While the PSNI have claimed that there is no evidence of paramilitary involvement in both the latest riots and the intimidation of customs workers, it is clear that there has been a concerted effort from unionism as a whole to exacerbate tension over the protocol and just this week there have been renewed calls on Boris Johnson to seek a revision of the terms of the arrangement. Whether one believes it was deliberately orchestrated as such or not, last week’s unrest is being used as a political tool by opponents of the protocol.

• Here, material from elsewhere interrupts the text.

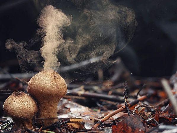A puffball will disperse its spores (about 7 trillion of them!) similarly to other mushrooms that disperse their spores when they come into contact with rain, a breeze, or animals.—hence the name PUFFBALL.

But what is often ignored in all of this is the position of seeming strength that the DUP was in prior to the 2019 General Election – a strength that given what had happened in previous years was quite surprising. Not wanting to miss an opportunity to join in the parade of British nationalism, the DUP supported the victorious Vote Leave campaign in 2016.2 Following a humiliating decline in the 2017 Stormont election and the collapse of the assembly in the midst of a financial scandal implicating Foster, the DUP were able to turn their fortunes around essentially by fluke of circumstance, as the hung parliament after the 2017 Westminster election saw them enter a confidence and supply deal to keep Theresa May’s Conservatives in power. This placed Foster and her 10 MPs at the heart of the Brexit process, where they quickly aligned with hardline Eurosceptics of the ERG in support of a hard Brexit. What was the motivation for this? A hard Brexit that brought the entire UK out of the customs union and single market would have necessitated hard enforcement of the border on the island of Ireland. The regulatory divergence emerging from this would see both parts of the island drift further apart and make establishing a united Ireland impossibly difficult. Instead, the opposite has happened. It is worth remembering that the DUP voted against any compromise Brexit solutions that may have negated the border issue. Like a distorted mirror-image of the ‘People’s Vote’ zealots of the British centre, Foster chose to go all-in with a hand that was much weaker than she realised.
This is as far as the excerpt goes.